Metu NTE scraper project was created for educational purposes and community needs. It comprises of 3 tools for 3 different jobs:

  1. main.py that collects the NTE's given to ur department this semestr
  2. NewCourseAlarm.py that alerts the user if there are new courses that are given to ur department(uses "out2.txt")
  3. capacityCheck.py that searches through courses given to ur department and finds those with unused capacity(uses "out2.txt")

Note: capacityCheck.py uses the CNN model Basic-number-captcha-solver that was specifically developed to be used in this scraper.
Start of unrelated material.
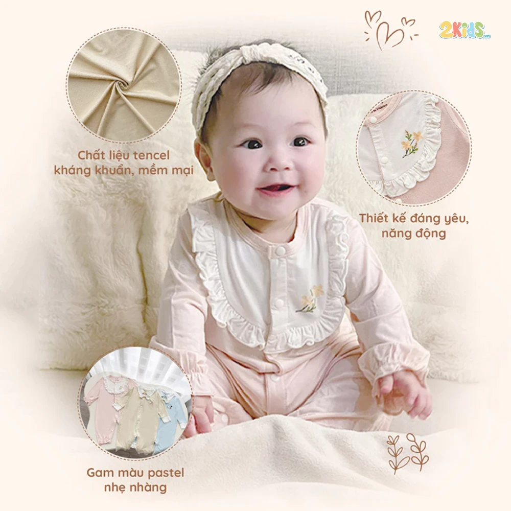 Bộ Body dài tay xuân hè được thiết kế liền thân, tỉ mỉ với phần bèo tiểu thư cắt phối trước ngực cho bé gái và phối cổ năng động cho bé trai mix cùng hình in nhỏ xing và kết hợp vs gam màu pastel nhẹ nhàng
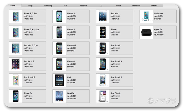 また端末別ではメーカー毎に、様々な端末が揃っています。iPhoneは最新のiPhoneXSなどはありませんが、iPhone7の1920☓1080を選んでおけば問題ありません。その他、SONY、Samsung、HTC、Motorola、LGなどのメーカーがありますが、基本的には1920☓1080もしくは1280☓720を選べばいいので、機種はあまり関係ありません。自分の機種がないからと気にする必要はないでしょう。

The current model works with 99.94% accuracy.

Getting Started

These instructions will help you list Non-Technical Elective courses given to your department in the current semester

Prerequisites

Python 3.x
Google Chrome
Selenium(installed via requirements.txt) - An API for python to write functional/acceptance tests using Selenium WebDriver.
Tensorflow(installed via requirements.txt) - A free open-source library for AI and machine learning applications

Install necessary packages with(including selenium and tensorflow):

sudo pip3 install -r requirements.txt

If u encounter any problems apply these commands:

sudo pip install selenium webdriver_manager
sudo python3 -m pip install webdriver-manager --upgrade
sudo python3 -m pip install packaging

Options

Before running the code make sure you change the below variables inside main.py to neccessary values:

  • For main.py and NewCourseAlarm.py
    • myDEPT (contains department abbreviation to help find courses given to that department)(default value set for ceng change it to your department's code)
    • class_codes (contains departments that give NTE courses)(you can delete the department numbers that you do not want in your list)
  • For capacityCheck.py
    • Username (fill your metu username)(It is only used to access metu capacity checker which is unaccessable withput a username and password)
    • Password (fill your metu password))(It is only used to access metu capacity checker which is unaccessable withput a username and password)

Running the code

Use below line to scrape current NTE list(it takes about 6 minutes)

python main.py >out2.txt

After the creation of out2.txt use below command to check for new courses given to ur department:

python NewCourseAlarm.py

After the creation of out2.txt use below command to check for capacities of the listed courses:

python capacityCheck.py

How it collects

capacityCheck.py simulates the user using selenium.
The program first goes into the course capacity section by entering user's password and username . After this point until every course in "out2.txt" is exhausted it answers captchas by first uploading the captcha image which is send to the CNN model provided which solves the captcha and the result gets sent back to the browser.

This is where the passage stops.